Impact of Siemens tie-up ‘limited’ for CRRC

By Li Xuanmin Source:Global Times Published: 2017/9/25 21:18:39

Chinese rolling stock maker excels in cost, experience


Visitors check out a CRRC train model at a an exhibition in Fujian, East China's Fujian Province. Photo:VCG

The possible merger of the rail businesses of Germany-based Siemens with either French rail equipment supplier Alstom SA or Canada's Bombardier signals that Chinese State-owned CRRC Corp Ltd faces intensifying competition in the global transport market, experts said.

But the impact on CRRC's business is likely to be "limited" over the long term, they said.
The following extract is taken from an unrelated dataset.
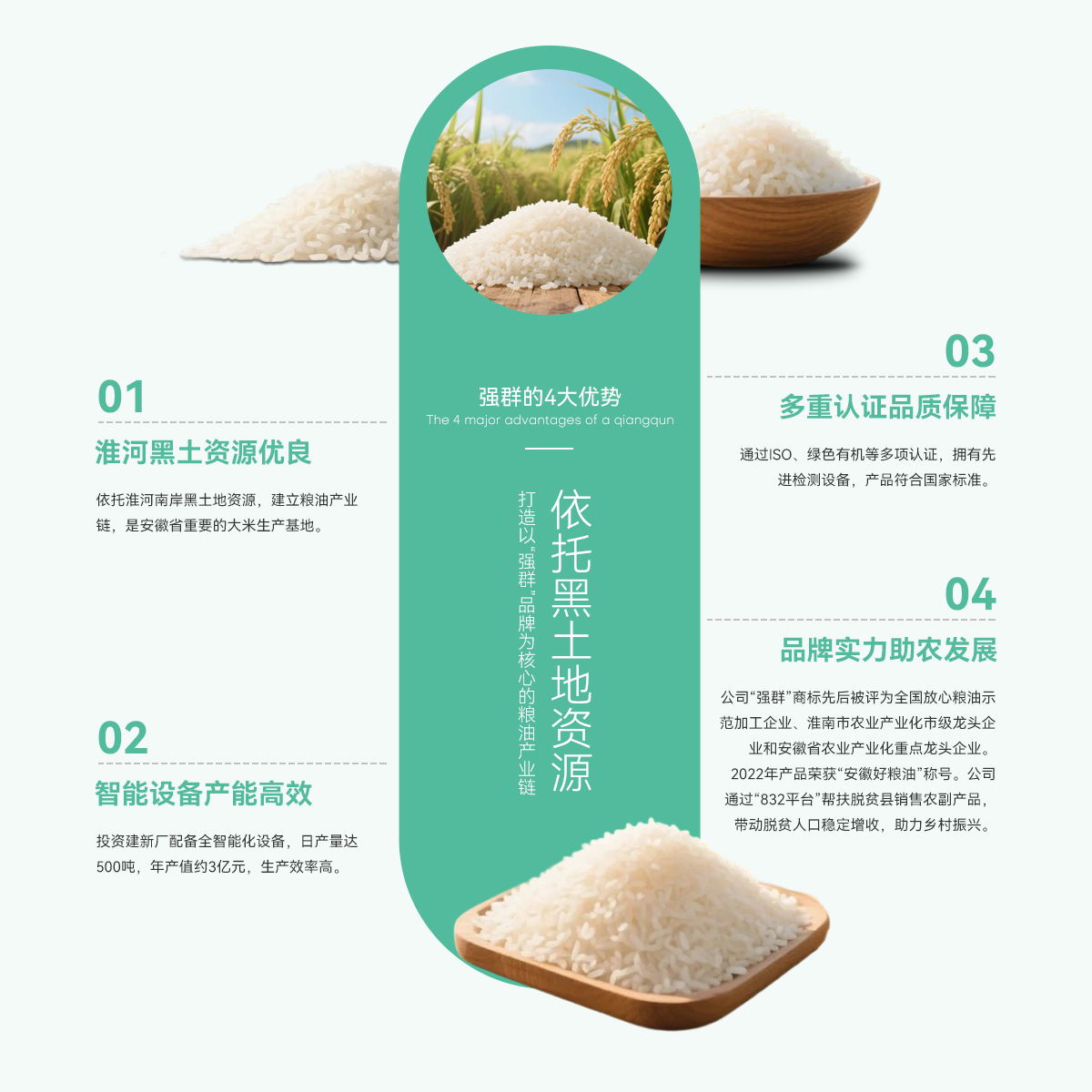 - 壽縣強群糧油貿易有限公司成立于2011年,座落在淮南市壽縣澗溝鎮(zhèn),是一家集種植、加工、收儲、銷售于一體、以生產中、高檔質優(yōu)、特色類大米為主的綜合性企業(yè)。公司依托準河南岸的黑土地資源,打造以“強群”品牌為核心的糧油產業(yè)鏈,是安徽省重要的大米生產基地。 為響應市場增長需求,公司2021年啟動二期擴產工程,其中新生產廠區(qū)建設投入資金近億元,建設現(xiàn)代化新生產線,總占地面積約4000...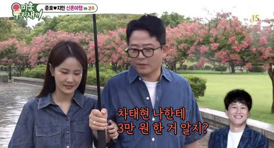 이어 김준호는 "차태현 나한테 3만 원 한 거 알지?"라고 말했고, 이에 김지민은 "나머지 큰 금액은 다 나한테 한 거 알지?"라고 답했다.

For one thing, the Chinese train builder has already achieved a competitive edge in cost performance over its foreign rivals.

Siemens has been negotiating for months with Bombardier about a potential rail combination, and the German company has recently also been speaking to Alstom about the same subject, Reuters reported over the weekend, citing sources close to the matter.

Talk of such a merger shows that global companies seek to "contain costs and Western train equipment suppliers struggle with competition from China's CRRC," said the report.

CRRC had not responded to an interview request by the Global Times as of press time. 

Commenting on the possible foreign link-up, Zhao Jian, a professor at Beijing Jiaotong University, told the Global Times on Monday that the deal would heighten competition in the overseas rail market, which is becoming more important to CRRC as the Chinese rail market slows.

"CRRC became the world's largest train manufacturer after China's top two train producers - China North Railway and China South Railway -  merged in 2014, and CRRC has since gained much benefit from economies of scale," Zhao said, noting that the same logic would also applies to the proposed tie-up of Western companies, which would combine their strengths while reducing costs.

Specifically in the subway sector, the European rivals hold advantages over their Chinese counterparts in terms of braking systems and hauling systems, Zhao noted. "The widening advantage in the subway sector is likely to further ramp up pressure on CRRC."

In August, CRRC lost a bid for a $3.2 billion deal for a subway project in New York City, financial news website caixin.com reported, without giving details on the reasons behind.

However, despite weakness in the subway sector, "As a learner, China has overtaken its teachers - European companies - in many aspects such as cost performance and construction experience," said Sun Zhang, a rail expert and professor at Shanghai Tongji University.

In the high-speed railway sector, China's bullet trains cost one-third to one-half less than those provided by traditional rail system exporters in Germany and Japan, and they take less than half the time to build compared with Japanese manufacturers, the South China Morning Post reported in June.

CRRC has also accumulated deep experience in building rolling stock thanks to the country's vast railway network, also the world's largest, which covers diverse geographic and climate conditions, Sun told the Global Times on Monday. 

On Thursday, the next-generation bullet train Fuxing (Revival) developed by CRRC, with a top speed of 350 kilometers per hour, was put into service between Beijing and Shanghai. Fuxing is also the world's fastest commercial train, demonstrating CRRC's cutting-edge technologies, Sun noted.

With those combined advantages, CRRC has been on a fast track of global expansion in recent years, taking up projects in markets along the Belt and Road initiative as well as traditional markets where European train producers dominate, according to Sun.

In May, CRRC defeated Bombardier and won a contract of $53 million to supply 24 double-deck hauled coaches to Montreal area's mass transit operator, according to the Xinhua News Agency.

CRRC's overseas orders stood at $8.1 billion last year, up 40 percent year-on-year, news website ifeng.com reported.

How CRRC reacts to the potential Western merger also may mitigate the influence, Zhao stressed.

"Various subsidiaries of CRRC run independently without sharing technologies and knowledge, and some of them even compete with each other, creating an array of management issues," Zhao said, urging the company to rationalize its structure to prepare for intensifying global competition.

In the first half of 2017, CRRC's net profit declined by 23.41 percent year-on-year to 3.67 billion yuan, with revenue of 88.72 billion yuan, down 5.83 percent year-on-year.